What needs to be done:
Transcribe the material verbatim, starting at its first line and stopping once the line containing "以前ご案内した日程がコートの修繕工事の都合により、上記日程に変更となりました。" has been given; no picture should appear.

##########

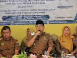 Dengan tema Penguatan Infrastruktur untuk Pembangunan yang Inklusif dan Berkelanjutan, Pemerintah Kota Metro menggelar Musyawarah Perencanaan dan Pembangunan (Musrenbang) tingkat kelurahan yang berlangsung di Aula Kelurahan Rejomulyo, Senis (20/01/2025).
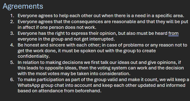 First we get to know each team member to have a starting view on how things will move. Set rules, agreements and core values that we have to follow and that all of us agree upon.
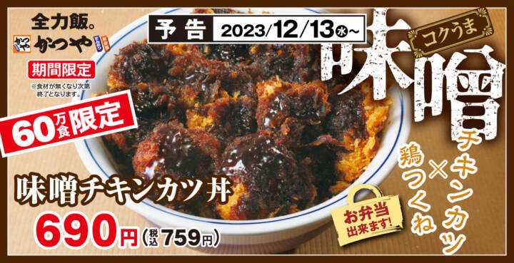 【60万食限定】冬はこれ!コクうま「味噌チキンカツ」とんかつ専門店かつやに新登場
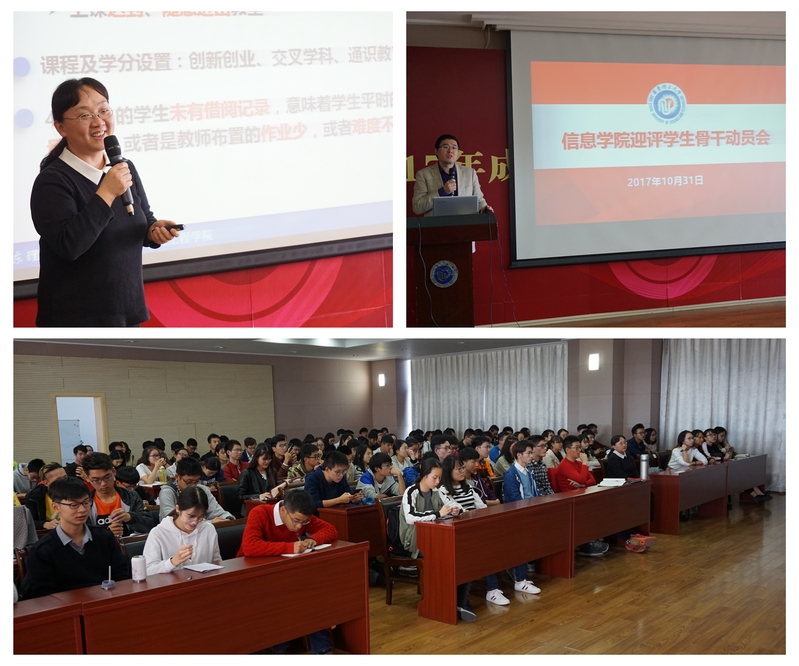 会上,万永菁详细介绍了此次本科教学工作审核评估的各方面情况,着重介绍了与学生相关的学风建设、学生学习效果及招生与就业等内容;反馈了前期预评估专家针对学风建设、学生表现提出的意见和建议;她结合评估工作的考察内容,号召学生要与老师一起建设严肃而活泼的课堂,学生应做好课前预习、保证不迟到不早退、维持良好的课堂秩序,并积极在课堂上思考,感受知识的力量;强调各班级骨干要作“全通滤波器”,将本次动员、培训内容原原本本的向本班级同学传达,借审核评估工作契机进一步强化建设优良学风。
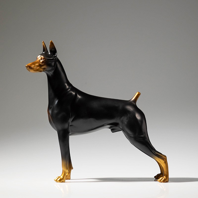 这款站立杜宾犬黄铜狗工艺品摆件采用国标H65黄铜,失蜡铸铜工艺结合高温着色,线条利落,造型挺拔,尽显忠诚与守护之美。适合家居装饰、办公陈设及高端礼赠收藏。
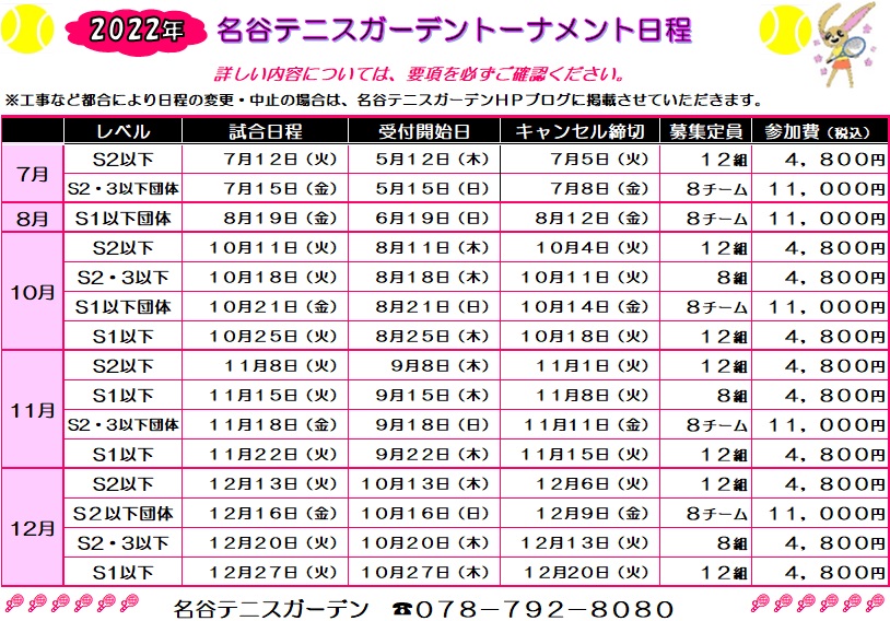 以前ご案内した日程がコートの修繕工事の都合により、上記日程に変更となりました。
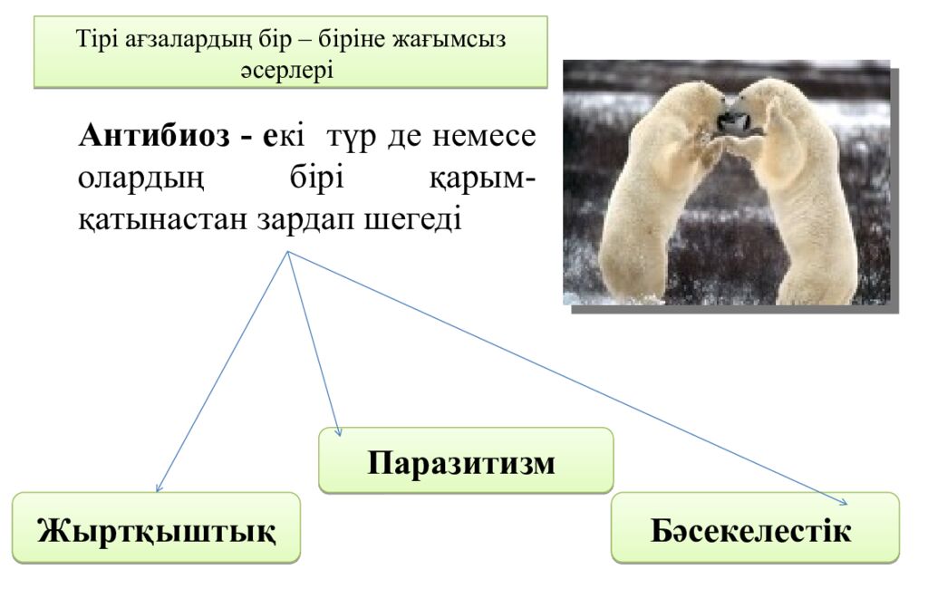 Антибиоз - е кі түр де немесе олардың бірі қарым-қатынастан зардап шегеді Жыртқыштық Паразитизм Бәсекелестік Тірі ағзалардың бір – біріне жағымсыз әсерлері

##########

Result for this exercise:
 Dengan tema Penguatan Infrastruktur untuk Pembangunan yang Inklusif dan Berkelanjutan, Pemerintah Kota Metro menggelar Musyawarah Perencanaan dan Pembangunan (Musrenbang) tingkat kelurahan yang berlangsung di Aula Kelurahan Rejomulyo, Senis (20/01/2025).
 First we get to know each team member to have a starting view on how things will move. Set rules, agreements and core values that we have to follow and that all of us agree upon.
 【60万食限定】冬はこれ!コクうま「味噌チキンカツ」とんかつ専門店かつやに新登場
 会上,万永菁详细介绍了此次本科教学工作审核评估的各方面情况,着重介绍了与学生相关的学风建设、学生学习效果及招生与就业等内容;反馈了前期预评估专家针对学风建设、学生表现提出的意见和建议;她结合评估工作的考察内容,号召学生要与老师一起建设严肃而活泼的课堂,学生应做好课前预习、保证不迟到不早退、维持良好的课堂秩序,并积极在课堂上思考,感受知识的力量;强调各班级骨干要作“全通滤波器”,将本次动员、培训内容原原本本的向本班级同学传达,借审核评估工作契机进一步强化建设优良学风。
 这款站立杜宾犬黄铜狗工艺品摆件采用国标H65黄铜,失蜡铸铜工艺结合高温着色,线条利落,造型挺拔,尽显忠诚与守护之美。适合家居装饰、办公陈设及高端礼赠收藏。
 以前ご案内した日程がコートの修繕工事の都合により、上記日程に変更となりました。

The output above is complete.